Il reste rare qu’on sorte, spectateur, d’un spectacle où les effets sons et lumières nous laissent une impression d’humanité, de porosité telle qu’ils nous laissent quitter la salle un peu plus mou, adouci. C’est ce qui se produit à la suite de Night Owl. Une expérience plus qu’un spectacle : on entre par petits groupes, à même la scène presque plongée dans le noir, où sur un vrombissement électronique (David Albert-Toth, habituellement à la danse ou la co-chorégraphie, qu’on découvre comme concepteur sonore) on est invité à s’asseoir par terre, peut-être à s’étendre, yeux au plafond.

Dans cette pénombre, une créature, femme, porte un masque — presque une armure — de petites lumières scintillantes. Elle s’avance lento vers le mur blanc, ferme et ouvre bras et griffes, déploie d’un micromouvement un nouvel éventail d’ombres, de silhouettes ou de définitions lumineuses. Tout lento. Si lento que, lorsqu’elle se retourne ensuite et plonge dans le banc de spectateurs pour s’approcher, tout près, de l’un, il lui suffit d’un instant pour coucher au sol, par une douceur délicieuse à voir, celui-là même qui, hypnotisé, semble de prime abord récalcitrant. Suivent des jeux de projections surgis du plafond où l’on se perd comme regardant aux cieux des nuages, et les fausses étoiles des lumières projetées. On se croirait à la Société des arts technologiques, on est à Tangente.

Si «l’effet machine» ressurgit par moments, le contre-emploi de voir des effets scénographiques, habituellement « effets de l’ombre », en moteurs dramatiques principaux est efficace, et ici abouti. On questionnera la jauge de la salle : le nombre de spectateurs est trop grand pour que chacun puisse prendre ses aises et s’étendre au sol comme la proposition l’appelle. Si la proximité reste intéressante (car la relation à nos voisins change au fil de la pièce, et on se met à se rapprocher imperceptiblement d’inconnus), le manque de visibilité est problématique, surtout pour la très belle partie des « mises au sol ».

Photo: Marjorie Guindon

Avec Rituel géométrique, Annie Gagnon est dans une tout autre recherche, et les titres sont aussi parlants que lors de Lapin Samouraï, vu à Tangente en 2010. Si l’aspect visuel demeure encore aujourd’hui important, la recherche sensorielle prend cette fois largement le dessus, avec sa part de complexité. Sur un plancher en forme d’octogone, une structure de diamant pendant du plafond, quatre interprètes (un seul homme) sont dans des rapports sensoriels intenses, qu’ils se touchent ou non.

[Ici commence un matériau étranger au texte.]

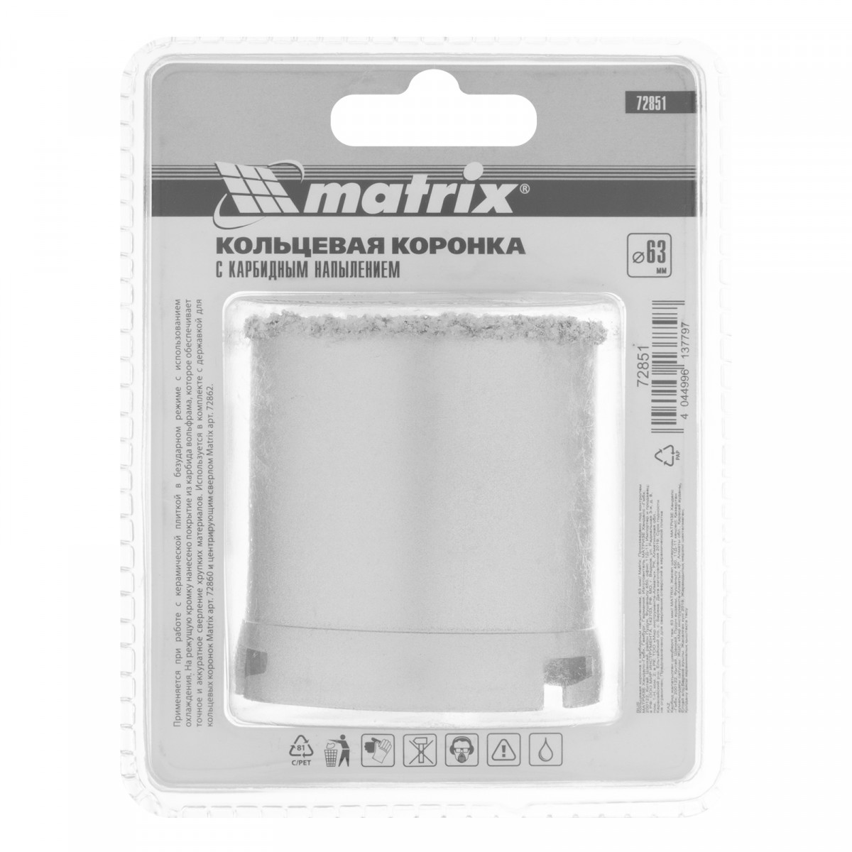 Кольцевая коронка с карбидным напылением, 63 мм Matrix

Rituel ? Invention de magies personnelles ? Jeu étrange ? Ce ne serait alors pas au docteur qu’ils joueraient, mais à se guérir, à s’aider les uns les autres à s’ouvrir. Il y a là, et surtout au début de la pièce, de très beaux moments. Importants, par l’importance que prend l’écoute gestuelle (très fine, mais qui se fait sans alourdir l’espace), par la grande sensualité pas sexuelle (sinon dans l’oeil qui regarde, et c’eut pu être intéressant d’explorer davantage cet aspect), par la manière discrète, mais soudée d’être ensemble (les quatre danseurs étant, sans fusion, dans une visible symbiose).

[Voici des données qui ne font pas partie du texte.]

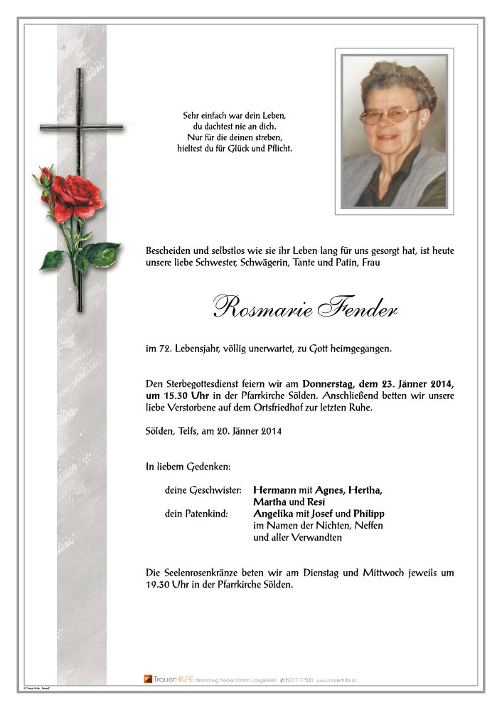 Aufrichtige Anteilnahme und viel Kraft in der Zeit des Abschiednehmens.21.01.2014 15:29 - Fam.Löffler Gerhard

En oscillant ensuite entre « l’application des formes » et des moments soudainement très chorégraphiés, la composition s’égare. Elle perd surtout en mystère, s’adonne à du déjà-vu, et l’espace laissé jusque-là au spectateur s’étiole. Comme si la chorégraphe, alors, ne faisait pas confiance au mystère de sa propre pièce, qui officiait, subtilement, mais certainement, jusque-là. Est-ce parce que l’empathie, la spécificité de présence que semble chercher Annie Gagnon cohabitent mal avec l’idée même d’une « écriture chorégraphique » ou d’une mise en forme ? La question est intéressante.

À noter que ce programme double est d’une grande cohérence, pensé presque par une seule équipe, où chacun tient un rôle différent. La chorégraphe de la première pièce est interprète de la seconde. Les créateurs lumières de la seconde sont concepteurs pour la première. Une belle unité se dégage.

Rituel géométrique

Une chorégraphie d’Annie Gagnon avec Geneviève Boulet, Sonia Montminy, David Rancourt et Arielle Warnke St-Pierre. Scénographie et lumières : David-Alexandre Chabot et Paul Chambers

Night Owls

Installation et performance du Collectif Cha (David-Alexandre Chabot et Paul Chambers), avec Annie Gagnon.